La scoperta e il primo intervento della guardia costiera
Nel pomeriggio del 13 aprile 2025, attorno alle 16, durante una battuta di pesca a strascico, il peschereccio ha sollevato due anfore di notevoli dimensioni rimaste impigliate nelle reti. La loro mole non ha permesso l’imbarco a bordo senza compromettere il restante pescato, creando così un rischio concreto per le catture. Immediatamente, l’equipaggio ha allertato la Capitaneria di Porto di Gaeta.
La Guardia Costiera si è portata sul posto per valutare la situazione. Considerata la delicatezza dei reperti e l’impossibilità di trasferirli sull’imbarcazione, il comando ha avviato un piano di recupero coadiuvato dalla Soprintendenza per i Beni Archeologici. Il coordinamento tra questi enti ha evitato il sequestro o il danneggiamento degli oggetti, mantenendo intatta la qualità del pescato.

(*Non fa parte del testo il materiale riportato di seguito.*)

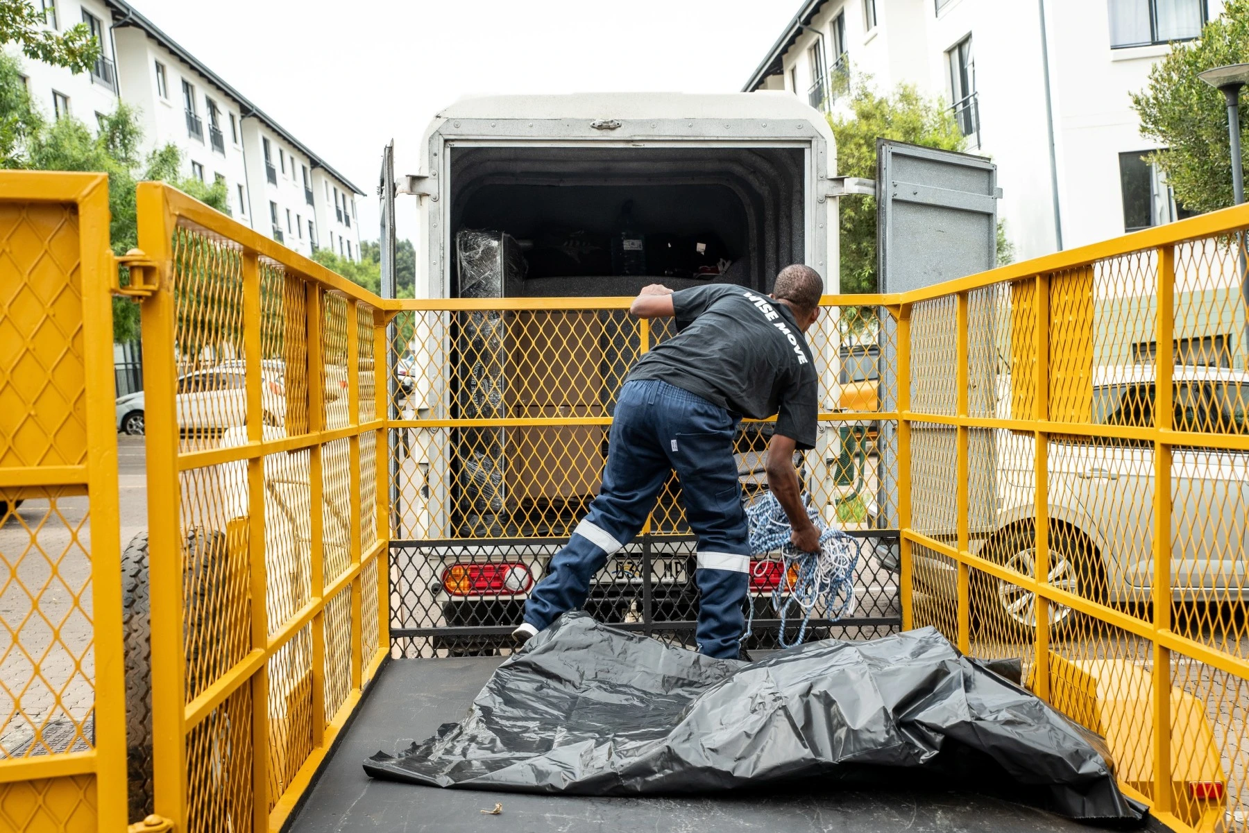 It includes wrapping large items and an H100 with a trailer and three people to load and offload.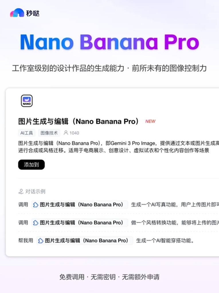 百度智能云旗下的无代码应用搭建平台百度秒哒,在模型发布当日即宣布完成 Nano Banana Pro 插件接入,成为国内首批支持该模型的无代码应用搭建平台。通过秒哒,用户可零成本、零门槛、无需 API 密钥、无需申请权限,直接在编辑界面 @Nano Banana Pro 即可立即调用,率先享受顶尖图像生成能力带来的创作体验。

Il trasferimento e la tutela dei reperti archeologici
Una volta recuperati con attenzione, i due reperti sono stati spostati a terra presso il porto pescherecci di Gaeta. L’intervento ha previsto una delicata operazione di sollevamento per prevenire danni, assicurando la conservazione delle anfore in vista di successivi esami e studi. La presenza della Soprintendenza si è rivelata essenziale per gestire ogni fase nel rispetto delle norme sulla tutela dei beni culturali sommersi.
Questi oggetti, risalenti all’epoca romana, rappresentano testimonianze preziose delle rotte commerciali e delle attività marittime dell’antichità, frequenti nell’area del golfo di Gaeta. Il ritrovamento puntualizza l’estensione e la rilevanza storica di quest’area, riconosciuta come sito archeologico sommerso. Le procedure adottate mostrano come sia possibile conciliare l’attività economica con la salvaguardia dei resti culturali.
L’importanza della collaborazione tra enti e operatori locali
L’operazione si è svolta grazie a uno stretto rapporto tra Guardia Costiera, Soprintendenza, Comune di Gaeta, operatori portuali e servizio veterinario dell’ASL. Quest’ultimo ha consentito la verifica sanitaria del pescato, che è stato venduto regolarmente al mercato ittico e messo all’asta senza esitazioni. Questa convergenza di competenze ha evitato perdite economiche per i pescatori, tutelando al tempo stesso l’integrità del patrimonio archeologico.
L’episodio del golfo di Gaeta conferma la capacità delle istituzioni e degli operatori locali di lavorare insieme, soprattutto quando i bisogni legati alla pesca si intersecano con quelli della conservazione culturale. Il modello adottato permette di gestire scoperte archeologiche accidentali senza penalizzare le attività tradizionali, valorizzando così sia il lavoro dei marittimi che il patrimonio storico sommerso. La Guardia Costiera di Gaeta continua a svolgere un ruolo chiave in queste dinamiche, garantendo sicurezza e rispetto delle norme lungo la costa.